I love actual performances, too, of course, where the high drama of potential crash-and-burn or apotheosis resides in every second of the concert, the recital, the act. The power that emerges from the performers nerving themselves and plunging wholeheartedly into the moment is a splendid spectacle and can transport us all to other places and planes. Not having the performance skills myself (nor the will or self-confidence to develop them as necessary), I am all the more aware of what’s at stake and how nearly incredible it is that great things come out of the effort so often. And, of course, that much more appreciative that there are those who can and will share such gifts with the rest of us.

What the last weeks have brought have included a huge range of such gifts. There was an outstanding high school choir whose fine conductors invited my husband to do an evening’s clinic with the singers on literature they’re preparing for a choral competition. Such joy and energy and responsiveness filling the room! Then, some of his sopranos and altos from one of the university choirs singing the lovely and yes, alluring ‘Sirènes‘ of Claude Debussy as guests on a university orchestra concert, calling all of us listeners to wreck our souls on the dangerous promontories of their imagined seashore. Two performances of the uni Symphony Orchestra in a showcase of some of the school’s powerhouse players, including a recently acquired, fabulous violinist who gave a mesmerizing performance of the Allegro moderato of Tchaikovsky‘s violin concerto (Op. 35) each time–once on campus, then at the Texas Music Educators’ Association conference 5 hours’ road-trip south, where if I weren’t musicked up enough lately I certainly could (and did) dive in among the over 25,000 musicians in attendance at the convention.

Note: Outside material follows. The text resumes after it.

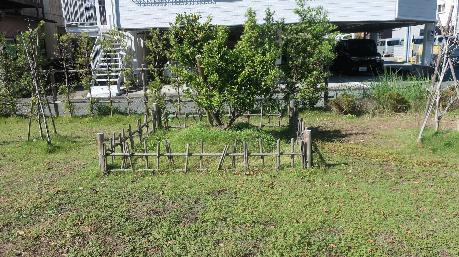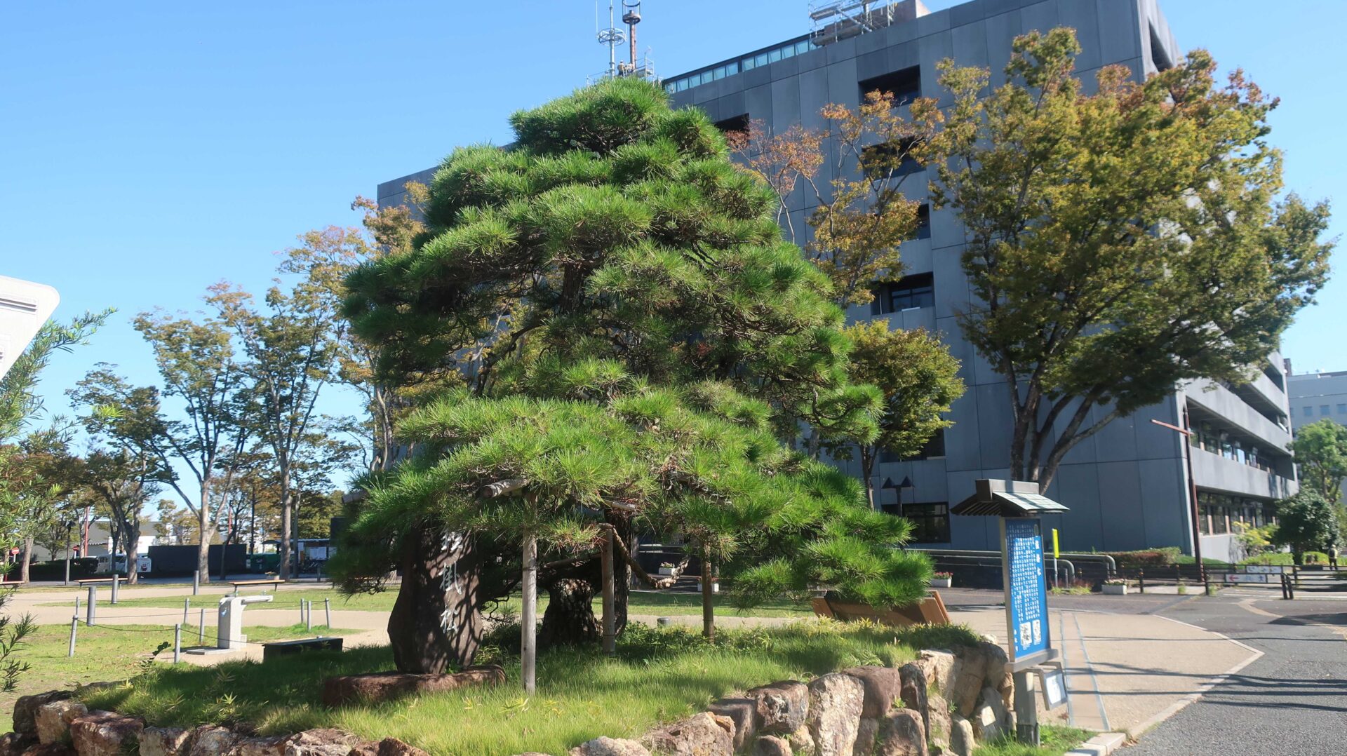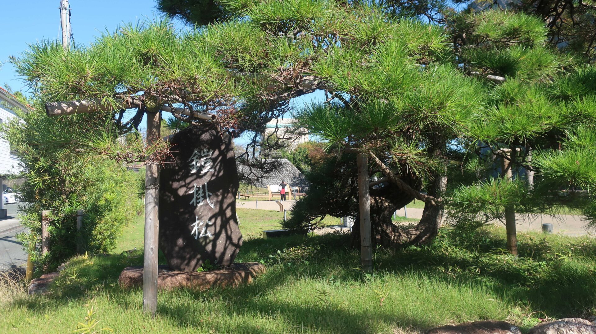 鎧掛松。松の向こう側を歩いて城に向かったので見逃していた。戻ってきてよかった。

There was a delightful performance by a doctoral conducting student with his recital choir. Lots of rehearsals and warmups and services with the church choirs, including lovely works by William Byrd, Morten Lauridsen, Gregorio Allegri. Rehearsals with the university Chamber and Collegium (early music) choirs going on as always, and new ones beginning with the combined singers from Collegium and Dr. Jerry McCoy‘s outstanding A Cappella Choir whom my partner was preparing for performances of George Frideric Handel‘s oratorio ‘Theodora‘ under the baton of Maestro Graeme Jenkins of the Dallas Opera, along with the university’s Baroque Orchestra. Ash Wednesday was a road-tripping adventure, with the two of us working at home in the morning, heading to Dallas for him to warm up and conduct the choir in the noon Ash Wednesday service at the church, dashing back to the university for his afternoon Chamber Choir rehearsal, then back to Dallas for the 6 pm service and a following weekly choir rehearsal before going home back north for the night. But oh, so much lovely music sandwiched in between car races!

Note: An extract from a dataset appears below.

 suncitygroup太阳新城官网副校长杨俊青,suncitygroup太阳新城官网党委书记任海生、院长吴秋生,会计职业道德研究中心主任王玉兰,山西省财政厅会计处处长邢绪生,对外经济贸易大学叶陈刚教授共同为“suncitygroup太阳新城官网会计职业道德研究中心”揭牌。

That was followed by Thursday and Friday nights’ ‘Theodora’ performances–3 hours of ecstatic music about agonizing trials, or good old life-and-death oratorio drama of Handel’s best sort–and then, yesterday’s Metropolitan Opera broadcast of ‘Ernani’, which I told you about in last evening’s post. Squeezed between concerts and rehearsals, a few pauses while at home spent on listening to a Canadian rock CD (yes, pretty listenable!) I just got as a comp for letting the musicians use my art for their CD cover, and especially on stealing bits of time to revisit our nephew’s punk band Honningbarna when I can. Upcoming is, oh, just more of the same: more beautiful liturgical music-making at the church; more rehearsals, recitals, and concerts at school and in town; another major musicians’ conference; the Dallas Symphony Orchestra, opera at the university and perhaps the One O’Clock Lab Band (the university’s top, Grammy-nominated Jazz ensemble), if we can somehow manage the time for it. Holy Week services (about 8 in 5 days, counting only the ones my husband’s conducting). More of the same.photoAnd yet it is music: never quite the same thing twice, nor the same experience of it. Always powerful, always waking up parts of me that I may have forgotten or not even known were there to be awakened. A constantly changing stream of sound-waves that in turn, become oceans of music to buoy me up, toss me around, pull me in, and carry me far, far away.